Dazu ließ Verteidigungsministerin von der Leyen nichts durchblicken. Sie nutzte die Bühne der Peene-Werft Wolgast viel mehr, um weitere gute Nachrichten für das Gastgeberland im Nordosten loszuwerden:
"Mecklenburg-Vorpommern ist für die Bundeswehr ein Land, das immer uns den Rücken stärkt und uns gute Bedingungen gibt. Wir haben in den vergangenen Jahren über 50 Millionen Euro hier in Standorte investiert. Aber in den kommenden Jahren werden es über 320 Millionen sein, die investiert werden - von Unterkünften bis zum Marine-Zentrum in Rostock. Es kommen aber auch mehr Dienstposten.
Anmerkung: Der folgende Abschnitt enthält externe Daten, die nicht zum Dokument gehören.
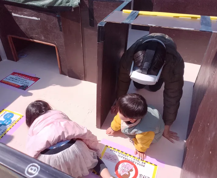 来場者が楽しめるコンテンツとして、AR(拡張現実)技術を用いた「GENSAIめいろ」がバージョンアップ。煙が充満する中での避難体験ができ、低い姿勢でゴールを目指すというリアルな状況を体験します。さらに、VR(仮想現実)を使った「火災からの脱出体験」では、突然の地震に見舞われた際の模擬体験ができるため、万が一の際の行動について深く理解を得られるでしょう。

Insgesamt werden es über 600 Dienstposten sein, die in den nächsten Jahren zusätzlich nach Mecklenburg-Vorpommern kommen."
500 dieser Dienstposten entstehen allein in Rostock-Warnemünde, wo die Deutsche Marine für 19 Millionen Euro ihr neues Führungszentrum einrichtet und wo auch jene fünf Korvetten stationiert werden sollen, in deren Bau ab heute die Wolgaster Peene-Werker eingreifen.